À une époque où les systèmes de santé du monde entier font face à des défis sans précédent, la direction de l’autorité sanitaire de la Nouvelle-Écosse lance un appel audacieux à la transformation technologique. Paula Bond, PDG intérimaire de Santé Nouvelle-Écosse, a identifié l’intelligence artificielle comme un élément essentiel pour résoudre la crise de santé de la province, particulièrement la pénurie inquiétante de médecins et les inefficacités des services d’urgence.
“Nous sommes à un carrefour où les approches traditionnelles seules ne peuvent pas résoudre nos problèmes de prestation de soins de santé,” a déclaré Bond lors d’une récente allocution aux responsables provinciaux de la santé. “L’intelligence artificielle offre des solutions qui pourraient fondamentalement changer notre façon de planifier les ressources, de prévoir les besoins des patients et de gérer nos services d’urgence surchargés.”
La situation des soins de santé en Nouvelle-Écosse a atteint des niveaux préoccupants, avec environ 130 000 résidents n’ayant pas accès à un médecin de famille selon le registre provincial des besoins en médecine familiale. Les services d’urgence fonctionnent régulièrement au-delà de leur capacité, avec des temps d’attente à l’Infirmerie d’Halifax dépassant fréquemment les normes nationales.
La vision de Bond va au-delà de la simple automatisation. Elle envisage des systèmes d’IA qui pourraient analyser les modèles de flux de patients, prédire les périodes de pointe et optimiser l’allocation du personnel dans l’ensemble du réseau d’établissements de santé de la province. “Lorsqu’elles sont correctement mises en œuvre, ces technologies pourraient réduire jusqu’à 30 % la charge administrative des professionnels de la santé, leur permettant de se concentrer sur ce qu’ils font le mieux : fournir des soins aux patients,” a-t-elle expliqué.

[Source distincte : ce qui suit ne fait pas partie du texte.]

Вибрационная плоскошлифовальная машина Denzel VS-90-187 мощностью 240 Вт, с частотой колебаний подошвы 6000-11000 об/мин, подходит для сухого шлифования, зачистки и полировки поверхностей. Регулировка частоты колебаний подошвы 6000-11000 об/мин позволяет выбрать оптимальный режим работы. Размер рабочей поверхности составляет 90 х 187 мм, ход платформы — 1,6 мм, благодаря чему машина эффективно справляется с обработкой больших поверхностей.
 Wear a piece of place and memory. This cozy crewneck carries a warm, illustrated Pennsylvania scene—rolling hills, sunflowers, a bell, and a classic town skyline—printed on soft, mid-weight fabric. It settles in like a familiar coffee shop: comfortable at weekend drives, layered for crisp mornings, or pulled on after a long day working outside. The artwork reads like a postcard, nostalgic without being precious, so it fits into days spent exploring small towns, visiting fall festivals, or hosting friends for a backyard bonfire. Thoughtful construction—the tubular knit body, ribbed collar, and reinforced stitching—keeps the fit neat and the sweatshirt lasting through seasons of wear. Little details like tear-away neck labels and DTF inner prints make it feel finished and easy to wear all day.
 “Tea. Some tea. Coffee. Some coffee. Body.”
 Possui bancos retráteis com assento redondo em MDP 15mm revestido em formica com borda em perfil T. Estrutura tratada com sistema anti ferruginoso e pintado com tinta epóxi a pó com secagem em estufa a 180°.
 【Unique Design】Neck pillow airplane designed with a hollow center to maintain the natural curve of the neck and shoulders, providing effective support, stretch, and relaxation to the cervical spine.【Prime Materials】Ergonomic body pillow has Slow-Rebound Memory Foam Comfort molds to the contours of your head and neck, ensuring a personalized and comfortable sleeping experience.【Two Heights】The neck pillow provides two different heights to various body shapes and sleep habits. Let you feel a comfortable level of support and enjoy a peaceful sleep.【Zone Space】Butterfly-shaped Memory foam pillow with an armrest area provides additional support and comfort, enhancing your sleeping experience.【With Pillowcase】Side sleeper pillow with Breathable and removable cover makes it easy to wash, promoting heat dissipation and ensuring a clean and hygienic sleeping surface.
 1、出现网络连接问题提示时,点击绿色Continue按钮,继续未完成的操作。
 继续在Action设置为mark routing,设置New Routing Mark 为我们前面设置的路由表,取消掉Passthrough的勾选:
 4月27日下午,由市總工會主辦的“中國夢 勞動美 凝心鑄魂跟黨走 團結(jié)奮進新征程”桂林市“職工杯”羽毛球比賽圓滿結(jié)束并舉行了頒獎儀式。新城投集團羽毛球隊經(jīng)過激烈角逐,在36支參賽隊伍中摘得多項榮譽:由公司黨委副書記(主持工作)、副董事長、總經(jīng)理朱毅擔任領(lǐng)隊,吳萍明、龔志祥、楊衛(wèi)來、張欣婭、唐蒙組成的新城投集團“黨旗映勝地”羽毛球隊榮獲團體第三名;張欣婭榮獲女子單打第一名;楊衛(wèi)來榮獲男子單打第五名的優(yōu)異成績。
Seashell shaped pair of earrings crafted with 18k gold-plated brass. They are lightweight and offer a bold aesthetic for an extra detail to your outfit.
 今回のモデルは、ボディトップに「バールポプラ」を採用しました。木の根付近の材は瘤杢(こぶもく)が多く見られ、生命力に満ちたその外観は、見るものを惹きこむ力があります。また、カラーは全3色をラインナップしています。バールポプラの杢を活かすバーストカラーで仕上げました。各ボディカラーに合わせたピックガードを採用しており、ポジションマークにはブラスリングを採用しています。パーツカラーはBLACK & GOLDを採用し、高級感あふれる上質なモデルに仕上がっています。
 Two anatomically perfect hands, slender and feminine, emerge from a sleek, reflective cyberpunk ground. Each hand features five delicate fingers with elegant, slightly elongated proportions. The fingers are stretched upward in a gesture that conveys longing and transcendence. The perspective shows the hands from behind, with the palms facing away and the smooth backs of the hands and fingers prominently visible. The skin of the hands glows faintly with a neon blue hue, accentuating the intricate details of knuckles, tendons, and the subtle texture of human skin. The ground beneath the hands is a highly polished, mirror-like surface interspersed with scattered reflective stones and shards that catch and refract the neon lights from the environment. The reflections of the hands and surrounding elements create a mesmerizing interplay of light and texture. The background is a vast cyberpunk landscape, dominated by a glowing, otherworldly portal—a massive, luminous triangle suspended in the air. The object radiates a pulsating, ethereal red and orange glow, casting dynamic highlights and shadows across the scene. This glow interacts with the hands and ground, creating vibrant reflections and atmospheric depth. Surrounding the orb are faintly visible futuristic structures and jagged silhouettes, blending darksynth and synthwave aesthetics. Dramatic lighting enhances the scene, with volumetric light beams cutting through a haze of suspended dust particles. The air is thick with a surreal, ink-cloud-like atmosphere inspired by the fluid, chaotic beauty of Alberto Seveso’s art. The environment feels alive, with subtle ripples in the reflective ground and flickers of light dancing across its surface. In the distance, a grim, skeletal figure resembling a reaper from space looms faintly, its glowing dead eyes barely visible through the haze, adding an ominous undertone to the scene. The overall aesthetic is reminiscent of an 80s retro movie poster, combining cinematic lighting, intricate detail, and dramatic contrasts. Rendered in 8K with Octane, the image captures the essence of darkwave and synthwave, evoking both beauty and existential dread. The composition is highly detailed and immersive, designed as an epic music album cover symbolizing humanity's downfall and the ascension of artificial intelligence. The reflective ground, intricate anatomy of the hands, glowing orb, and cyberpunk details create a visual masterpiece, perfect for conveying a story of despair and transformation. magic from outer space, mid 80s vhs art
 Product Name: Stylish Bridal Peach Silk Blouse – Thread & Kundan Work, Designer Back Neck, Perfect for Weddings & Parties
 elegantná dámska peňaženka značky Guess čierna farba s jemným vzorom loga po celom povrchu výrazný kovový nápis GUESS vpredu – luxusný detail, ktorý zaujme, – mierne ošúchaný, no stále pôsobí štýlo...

Les experts en technologie de la santé soutiennent largement cette orientation. Dr. Michael Thompson, spécialiste de la santé numérique à l’Université Dalhousie, note que “l’implantation de l’IA dans les soins de santé ne concerne pas seulement l’efficacité, mais aussi la création d’environnements de soins plus humains où patients et prestataires connaissent moins de frustration et de meilleurs résultats.”
Cette proposition s’inscrit dans le cadre d’une initiative de transformation numérique plus large du système de santé de la Nouvelle-Écosse, qui comprend la mise à jour des dossiers de santé électroniques et l’expansion des options de soins virtuels. Bond a indiqué que les premiers projets d’IA se concentreraient sur des applications non cliniques comme la planification des ressources et la gestion du flux de patients avant de potentiellement s’étendre aux outils d’aide au diagnostic.
Les critiques soulèvent toutefois d’importantes préoccupations concernant la confidentialité, les biais algorithmiques et l’investissement substantiel requis. Susan Richards, défenseure des soins de santé, se demande si “les millions nécessaires pour l’implantation de l’IA ne seraient pas mieux dirigés vers des initiatives d’embauche immédiates et des primes de rétention pour les médecins ruraux.”
L’Association médicale de la Nouvelle-Écosse a exprimé un optimisme prudent, son président, Dr. James Morgan, déclarant que “la technologie doit servir de complément, et non de remplacement, pour aborder les problèmes fondamentaux du système de santé comme la rémunération, l’équilibre travail-vie personnelle et la surcharge administrative des médecins.”
Bond a demandé une proposition complète à l’équipe de santé numérique de la province, avec des programmes pilotes initiaux potentiellement lancés au cours du prochain exercice financier. L’autorité sanitaire estime que la mise en œuvre complète pourrait nécessiter un investissement initial de 15 à 20 millions de dollars, mais pourrait faire économiser au système 30 à 40 millions de dollars par an dans les trois ans.
Alors que la Nouvelle-Écosse contemple ce virage technologique dans la prestation des soins de santé, la question fondamentale demeure : l’intelligence artificielle peut-elle vraiment aider à résoudre une crise de santé qui se prépare depuis des décennies, ou représente-t-elle une distraction technologique face aux défis structurels plus profonds du système?